# Eathen Glow Minerals



## PinkMelodyO (Jan 25, 2009)

Has anyone order from / (earthen glow minerals) i ordered a few eyeshadows a few months ago, but i wasnt very impressed, the colours didnt seem very pigmented but i want to try their lipglosses and blush.

Is it worth going back or not??


----------



## spectrolite (Jan 25, 2009)

I ordered 20 samples - an assortment of pigments, blushes and foundations and I was really happy with nearly everything. The blushes are so gorgeous! They were a lot more pigmented than I thought they would be and give me the prettiest glow. Wearing them is kind of like wearing blush and an MSF at the same time. 

Some of the shadows I ordered I didn't like but I think it was more the colours than the product itself. Some things I want to re-order in full sized quantities because they are friggin gorgeous. I'm going to do some swatches sometime soon! 

I think the key to wearing the pigments is to have the right base so that you can really get the colours to pop. Paint Pots work great and I also use my Mehron palette with them. If you are a pigment junkie then I would definitely recommend trying out a few of their samples


----------



## PinkMelodyO (Jan 25, 2009)

Thanks for the help! Their blushes do look BEAUTIFUL. I think the biggest part of my problem was that they were REALLY shimmery and i'm on a matt shadow kick at the moment, i'm going to order right now!!!


----------



## Flowitu (Jan 29, 2009)

I found them somewhere, forgot. They're a new mineral site, so at first I didn't expect too much. Their customer service is great to the words! I only bought their eyeshadows, as to some skin problem, I do not wear foundation/blush/concealer. the only things appeal to me are eyeshadows and lips.

 Anyway, onto their colors, I find all the 10 shadows I purchased to be great colors. My preferences are eyeshadows that have shimmer in them. Sparkle and fine glitter would be fine too. Me and mattes don't belong together, so by far, I won't order anything in the matte section.
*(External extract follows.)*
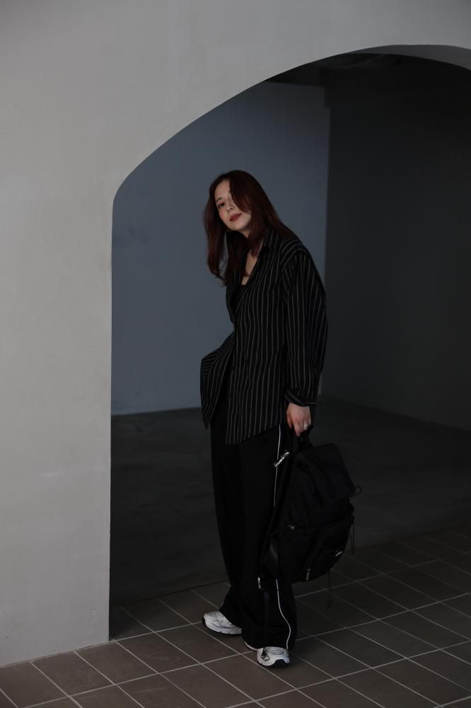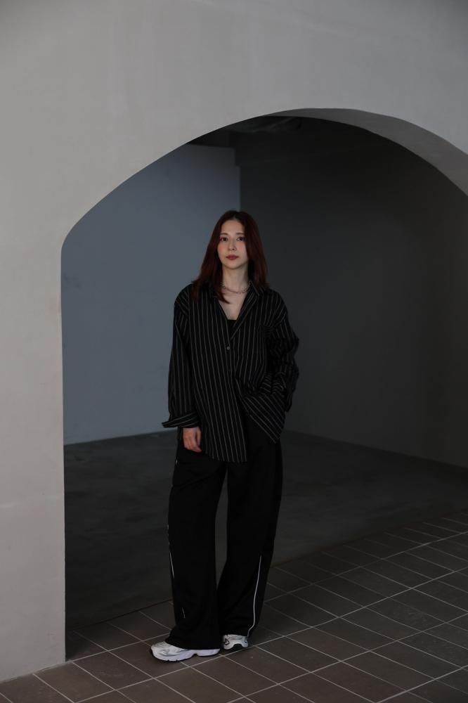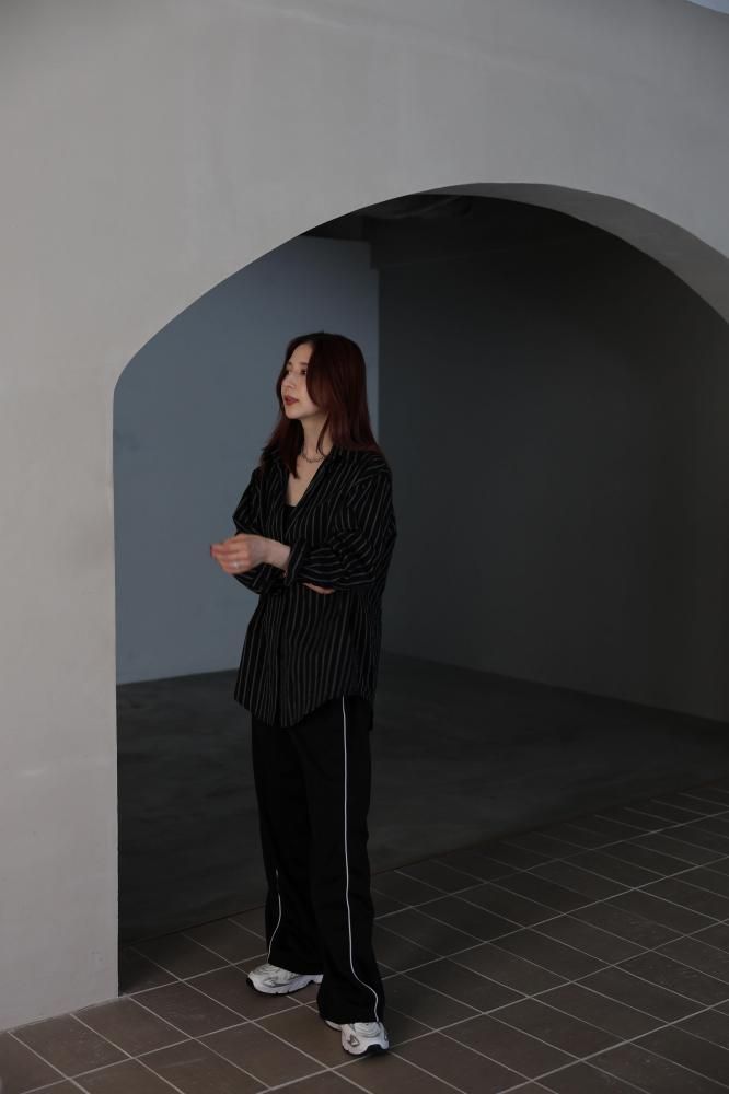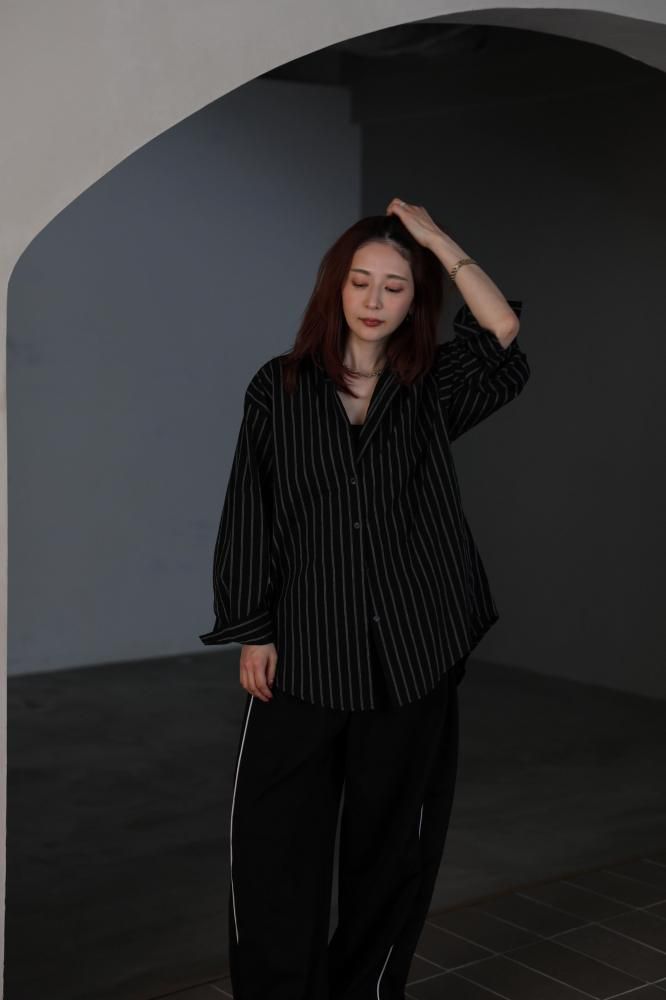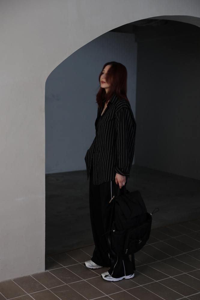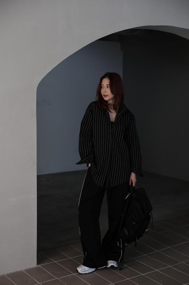 細めのストライプ柄が縦のラインを強調し、すっきりとした印象に仕上げてくれます。
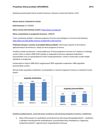 Przykłady dobrej praktyki (ERASMUS) 2012 Realizacja postanowień Karty Uczelni Erasmusa (Erasmus University Charter, EUC) NAZWA UCZELNI: UNIWERSYTET ŁÓDZKI Kod Erasmusa: PL LODZ01 Adres strony internetowej uczelni: http://www.uni.lodz.pl/ Okres uczestnictwa w programie Erasmus: 1998/99 Treść uczelnianej polityki z zakresie programu Erasmus jest dostępna na stronie internetowej: http://bwz.uni.lodz.pl/llp-erasmus-studia/info-o-llp-erasmus Podstawa decyzji o uznaniu za przykład dobrej praktyki: informacje zawarte w formularzu zgłoszeniowym do konkursu z okazji 25-lecia programu Erasmus. Uczelnia została wyróżniona z okazji jubileuszu 25-lecia programu Erasmus za 5 miejsce w rankingu uczelni, które w latach 1998-2010 wysłały na stypendia Erasmusa najwięcej studentów i pracowników oraz za wprowadzenie zmian instytucjonalnych i zmian w wizerunku uczelni dzięki udziałowi w programie. Uniwersytet w latach 1998-2012 zorganizował 7825 wyjazdów studentów i 980 wyjazdów pracowników uczelni. Wzrost liczby wyjazdów studentów i pracowników w ramach programu Erasmus w ostatnich trzech latach: wyjazdy studentów 494 527 445 wyjazdy pracowników 2009/10 2010/11 2011/12 192 212 2009/10 2010/11 243 2011/12 Działania podejmowane corocznie przez uczelnię w celu promocji programu Erasmus i mobilności. Akcja informacyjna na wydziałach przed doroczną rekrutacją (listopad/grudzień) – spotkania z udziałem koordynatorów wydziałowych, pracowników Biura Współpracy z Zagranicą, studentów polskich i zagranicznych stypendystów Erasmusa Przykłady dobrej praktyki (ERASMUS) 2012 Organizacja Staff Training Week Darmowe 3-miesięczne kursy języków obcych (angielski, francuski, niemiecki, portugalski, hiszpański, włoski) dla zakwalifikowanych na wyjazd Erasmus polskich studentów Wizyty monitorujące w uczelniach partnerskich połączone z targami, infomarketami itp. Udział ekspertów (koordynatorów ECTS i Erasmus, kadry zarządzającej, jednostek i administracji) w seminariach krajowych i zagranicznych podejmujących tematykę mobilności i internacjonalizacji studiów. Wydarzenia, które według uczelni najlepiej promowały mobilność edukacyjną wśród studentów lub mobilność pracowników. Stworzenie LipDub’a z udziałem studentów Erasmus (r.2009). Debaty ogólnouczelniane na temat mobilności (listopad 2009, marzec 2012 – obydwa wydarzenia pod hasłem „Dzień mobilności w UŁ”). Konkursy dla studentów na plakaty promujące program Erasmus oraz na filmy/zdjęcia związane z pobytem na stypendium. Wpływ programu Erasmus na zmiany instytucjonalne i wizerunek uczelni. Wpływ udziału uczelni w programie Erasmus na przygotowanie lub istotną zmianę misji/strategii rozwoju uczelni, planu internacjonalizacji, współpracy partnerskiej, zmiany systemowe. Najnowsza strategia rozwoju uczelni w większym niż wcześniej stopniu uwzględnia internacjonalizację, współpracę naukową i dydaktyczną w ramach projektów międzynarodowych. Doświadczenia i kontakty związane z uczestnictwem w programie Erasmus spowodowały powołanie nowych komórek organizacyjnych (Sekcja Studentów Zagranicznych, Biuro Międzynarodowych Programów Edukacyjnych), przygotowanie nowych modułów w programach nauczania i nowych kierunków studiów (np. italianistyki, kultury krajów germańskich, europeistyki, studiów regionalnych, gender studies), systematyczny udział przedstawicieli UŁ w międzynarodowych targach edukacyjnych. Idea mobilności i internacjonalizacji wpisywana jest w misje i strategie poszczególnych wydziałów. Udział studentów i wykładowców w wymianie Erasmus sprzyja większej akceptacji i efektywności zmian na poziomie jakości kształcenia w uczelni w związku z wprowadzaniem Krajowych Ram Kwalifikacji. Korzystanie ze szkoleń w ramach Erasmus wpływa na zmianę myślenia o mobilności, zwiększa otwartość na obcokrajowców, zachęca pracowników administracyjnych uczelni do uczenia się języków obcych. Zmiany w strukturze organizacyjnej uczelni Utworzenie Sekcji Studentów Zagranicznych w strukturze Biura Współpracy z Zagranicą. Wprowadzenie elektronicznego systemu rejestracji studentów UŁ ubiegających się o wyjazdy stypendialne Erasmus, elektroniczna kwalifikacja na wyjazdy. Przykłady dobrej praktyki (ERASMUS) 2012 System i zasady współpracy między wydziałami, ułatwiający studentom przyjeżdżającym korzystanie z oferty dydaktycznej całej uczelni. Możliwość rejestrowania zagranicznych studentów w systemie USOS. Kadencyjne powoływanie Uczelnianej Komisji ds. Erasmus, Pełnomocnika Rektora ds. Programu Erasmus, Pełnomocnika Rektora ds. ECTS i Procesu Bolońskiego (ściśle współpracujących z Prorektorem ds. współpracy z zagranicą), zespołu wydziałowych i kierunkowych koordynatorów Erasmus i ECTS. Udział przedstawicieli ścisłego grona koordynatorów Erasmus i ECTS w innych ważnych organach uczelnianych, mających wpływ na podejmowanie decyzji w zakresie mobilności i internacjonalizacji studiów (np. Uczelnianej Komisji Dydaktycznej, Uczelnianej Rady ds. Jakości Kształcenia). Tworzenie na poziomie uczelni procedur prawnych regulujących kwestie związane z przebiegiem programu Erasmus i innych programów wymian (m.in. Zarządzenie Rektora UŁ w sprawie zasad zaliczania studentom UŁ okresów studiów realizowanych w uczelniach partnerskich w ramach programów wymiany LLP – Erasmus, Campus Europae i innych pokrewnych), wprowadzające m.in. dokument uzupełniający Learning Agreement. Potwierdzenie znaczenia mobilności i internacjonalizacji studiów, np. przez rozwój programu Erasmus w uczelni (uchwała senatu w sprawie systemu jakości kształcenia w UŁ). Utworzenie nowej matrycy opisu przedmiotu w języku polskim i angielskim, tworzącej bazę do generowania katalogu przedmiotów (pakietu ECTS) na wydziałach/kierunkach. Największe wymienione przez uczelnię sukcesy związane z realizacją mobilności w progr

They got great color payoff, and they last for a resonable time on my oily lids too. (any shadows crease on me in a short time.) 

As far as the price goes, it's reasonable, considering they're MAKING their own minerals as one of somes out there do. Some companies actually repack their micas-like they bought a bunch at a wholesale and then put their labels on them and sold them as they are. (ex. TKB is a wholesaler; they make their own things and sell them.) Their prices def aren't the cheapest out there. Considering all other aspects-color,texture,uniqueness-they're reasonable. One thing I have to complain is the jar samples; they're the same 1/8 teaspoon as sample bags, but DOUBLE the baggie price! (sample bag  0.75      jar sample 1.50)
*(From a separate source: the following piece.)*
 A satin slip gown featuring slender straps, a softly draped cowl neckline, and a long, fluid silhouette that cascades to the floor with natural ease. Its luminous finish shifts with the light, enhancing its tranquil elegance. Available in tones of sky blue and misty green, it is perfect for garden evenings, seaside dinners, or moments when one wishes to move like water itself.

 Attention to anyone who wants some discount: Until January 31st, 2009, Earthen Glow Minerals have a 33% off sale! Enter the code: January 33
(yes, there's space bewteen the two)


----------



## MAHALO (Feb 10, 2009)

I received my EARTHEN GLOW Mineral samples today. I'm in love with the BORACAY ISLAND blush and the DUSK IN LAGOS Radiant Glow Finishing Powder. I've already ordered full sizes of both. These look fabulous on brown skin but IMO they may be too bold for lighter skin. I'm MAC NW43.


----------



## MAHALO (Feb 21, 2009)

I have finally identified a great foundation color. It took me three sets of samples but now I have one that I love. I never would have guessed that "Sherri Lynn" would work for me. It looks so yellow and is recommended for Tyra's complexion. Well, I'm darker than Tyra and have yellow,bronze and red undertones. But this foundation melted into my skin for a gorgeous light coverage. All of the other colors that I tried got too dark on my skin.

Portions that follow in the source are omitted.